Dataset entries:
——————————

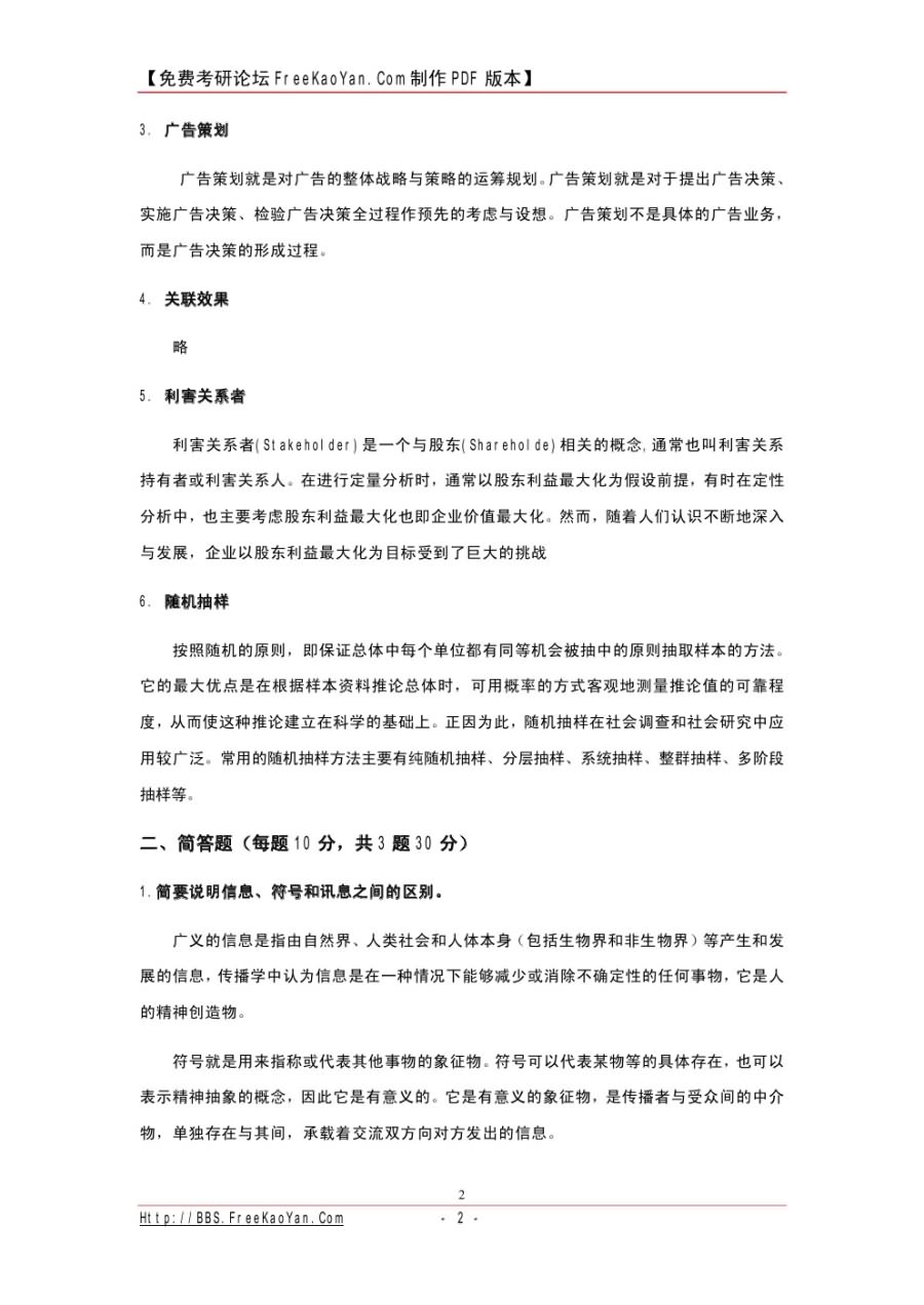 • 2011年中国传媒大学考研广告学真题——广告传播理论(回忆版)(含2010、2009、2008年试题)
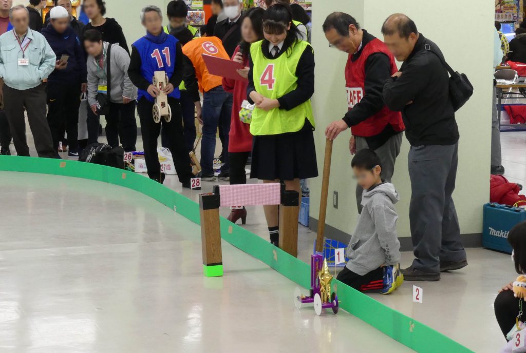 また同会場で開催された鈴鹿市主催「第6回すずか輪ゴムグランプリ」(輪ゴム24本の動力のみで自作車の走行距離を競う)では、本校から6チームが参戦しました。残念ながら優勝は逃しましたが、専攻科2年の森川智裕さんが記録1224mで第2位、専攻科2年の田中亨弥さんが記録1104.25mで第3位と、他多数の車の10倍以上の大記録を残しました。
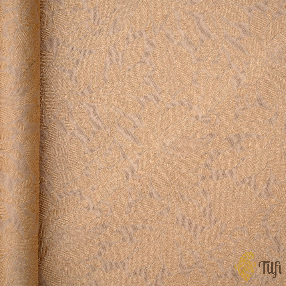 A floral dream! Breathtaking flowers and delicate vines bloom on a silken bed in light zari. A beautifully detailed floral jaal fabric.
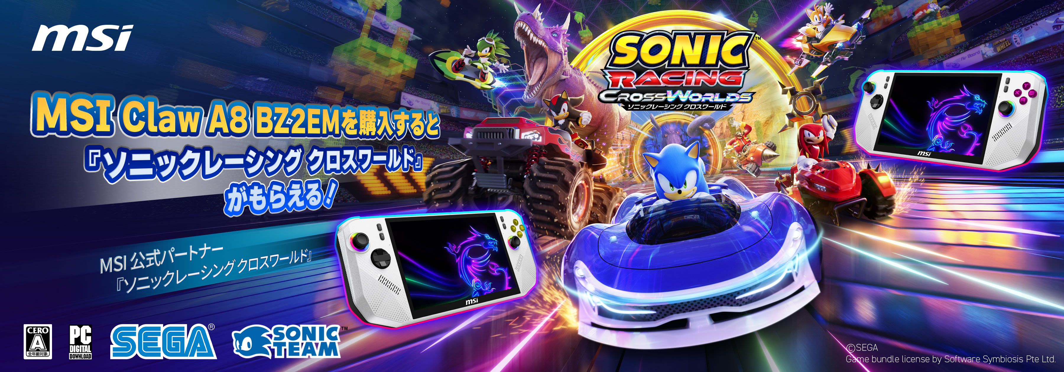 MSI Claw A8 BZ2EMを購入すると『ソニックレージング クロスワールド』がもらえる! ゲーム本体 プレゼントキャンペーン
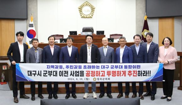 [칠곡=경북IT뉴스] 칠곡군의회(의장 이상승)는 19일 본회의장에서 대구시와 국방부에 대구 군부대 통합이전과 관련해 공정하고 투명한 행정절차 이행을 강력히 요구했다.
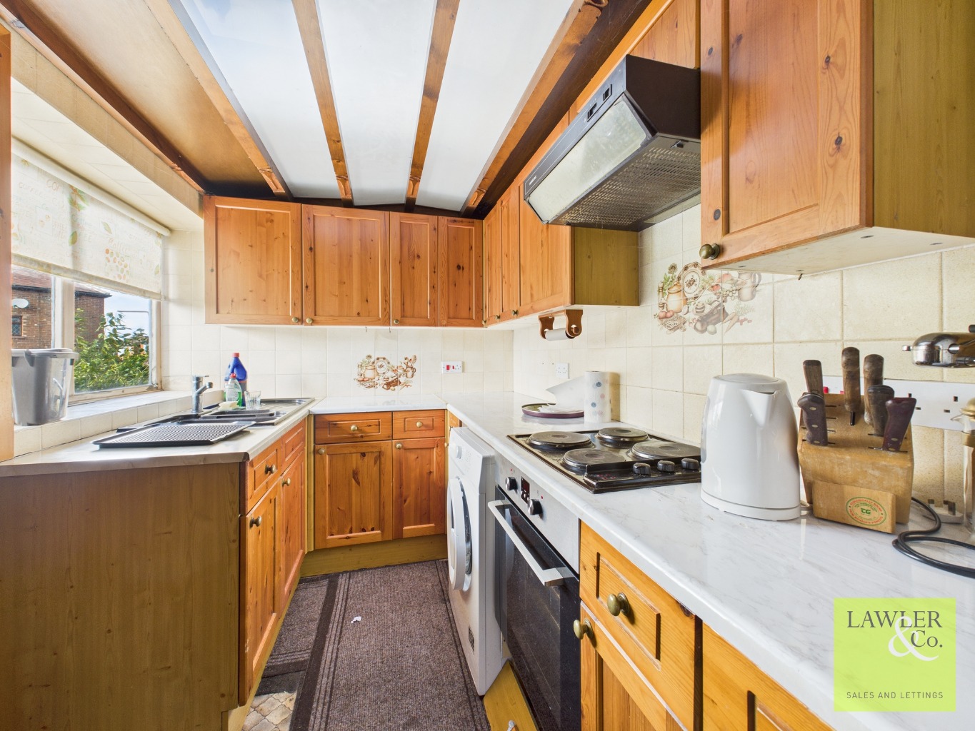 Step inside and you’re greeted by a long hallway, leading to the first reception room on the left. Further along, you’ll find the second reception room and a galley kitchen – a great layout with plenty of possibilities to modernize or extend. Upstairs, there are two generous bedrooms and a bathroom fitted with a shower, ready for a stylish update.
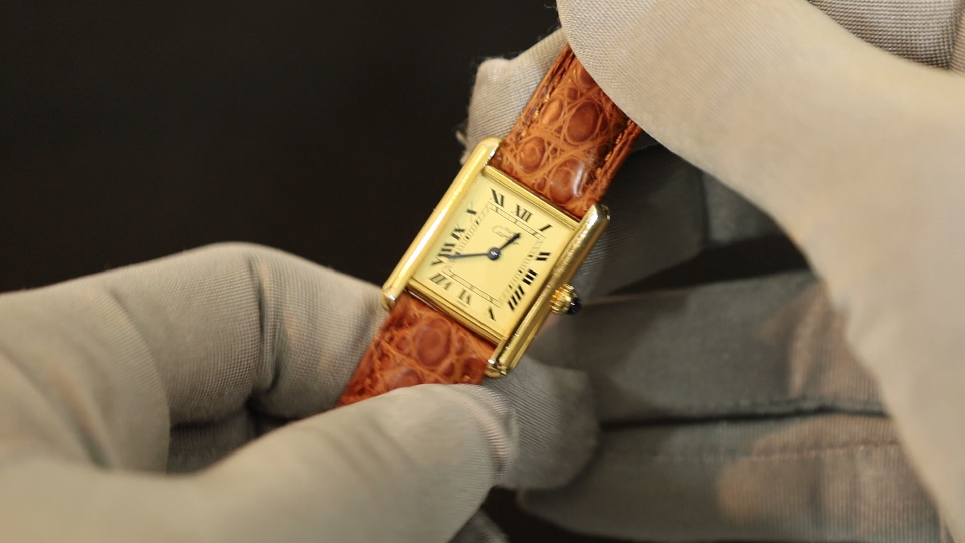 Cartier Must Tank SM 5057001 Quartz Cal.057 SV925 Leather Buckle (GP) Ivory Roman Dial Overhauled
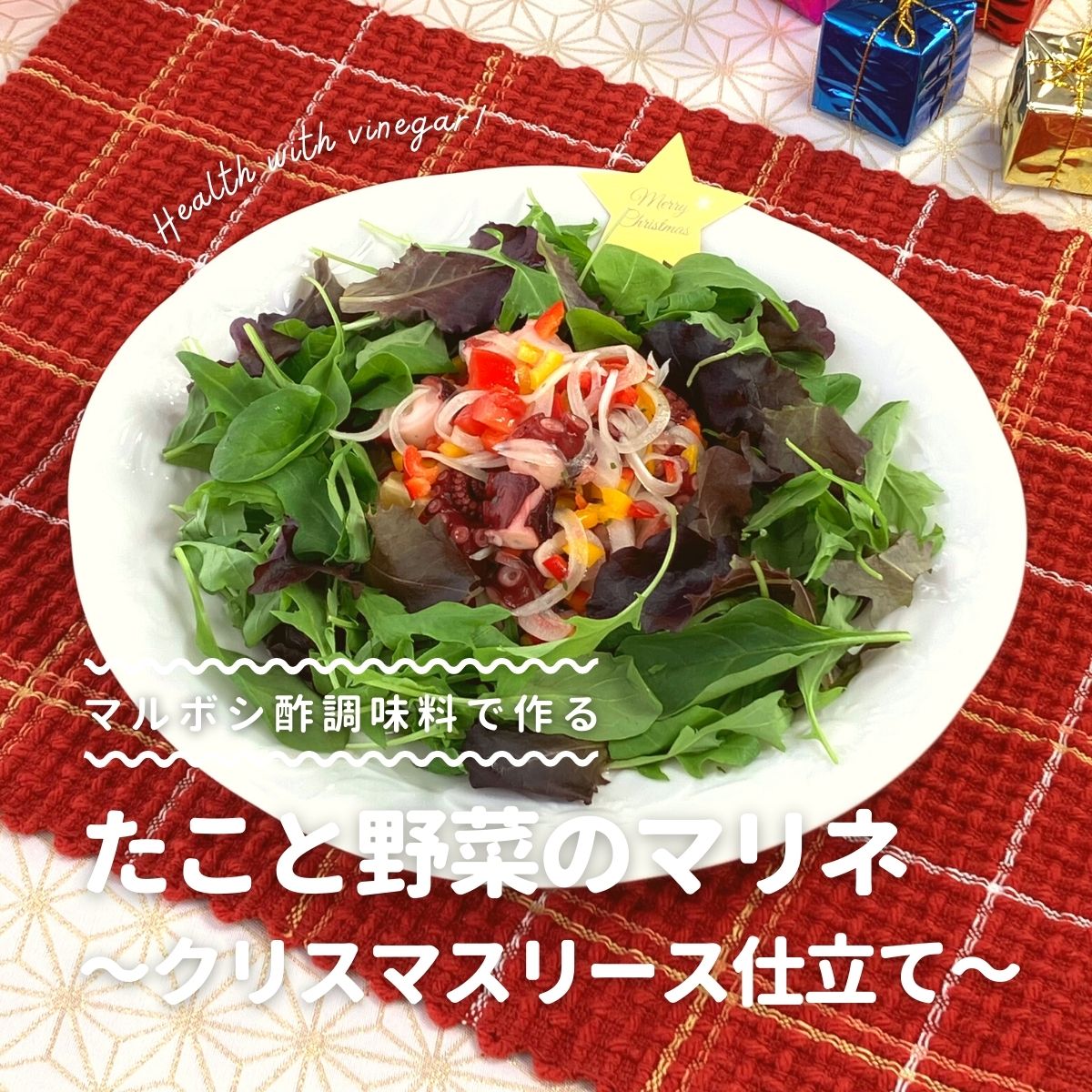たこと野菜のマリネ ~クリスマスリース仕立て~マルボシ酢。
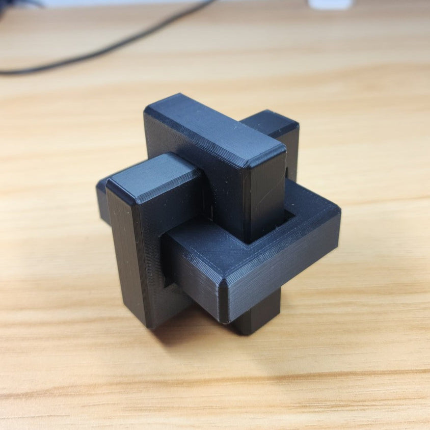 Este rompecabezas está formado por tres piezas que deben ensamblarse cuidadosamente hasta formar una estructura en cruz tridimensional.
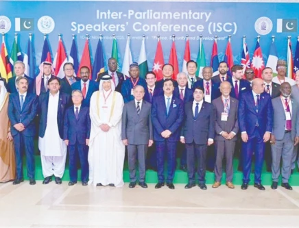 Prime Minister Shehbaz Sharif poses for a group photo at the Inter-Parliamentary Speakers’ Conference in Islamabad. Photo: EXPRESS
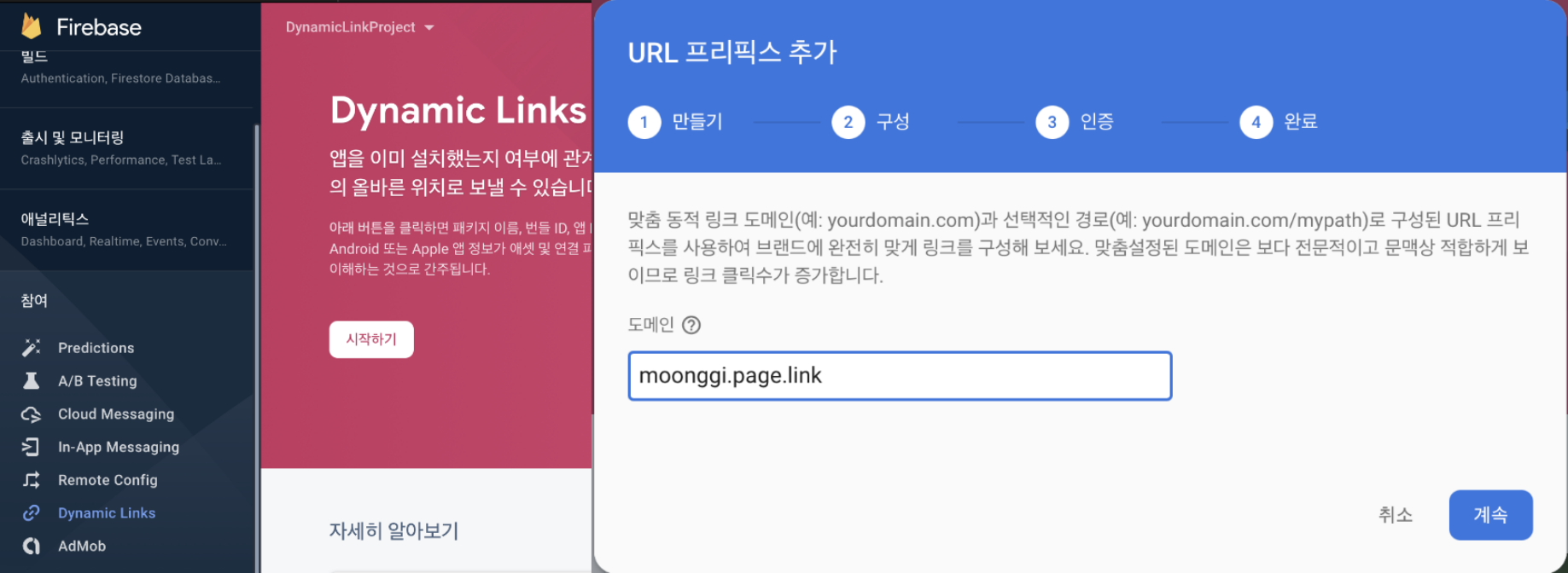 이제 DynamicLink 에 대해 알아보기전에 셋팅 해야하는구간이 있습니다.

——————————

- WORK REQUEST
Nothing but the lines from the line holding "たこと野菜のマリネ ~クリスマスリース仕立て~マルボシ酢。" through the last line of the entries above is to be reproduced, exactly and without pictures.

- ANSWER BOX
たこと野菜のマリネ ~クリスマスリース仕立て~マルボシ酢。
 Este rompecabezas está formado por tres piezas que deben ensamblarse cuidadosamente hasta formar una estructura en cruz tridimensional.
 Prime Minister Shehbaz Sharif poses for a group photo at the Inter-Parliamentary Speakers’ Conference in Islamabad. Photo: EXPRESS
 이제 DynamicLink 에 대해 알아보기전에 셋팅 해야하는구간이 있습니다.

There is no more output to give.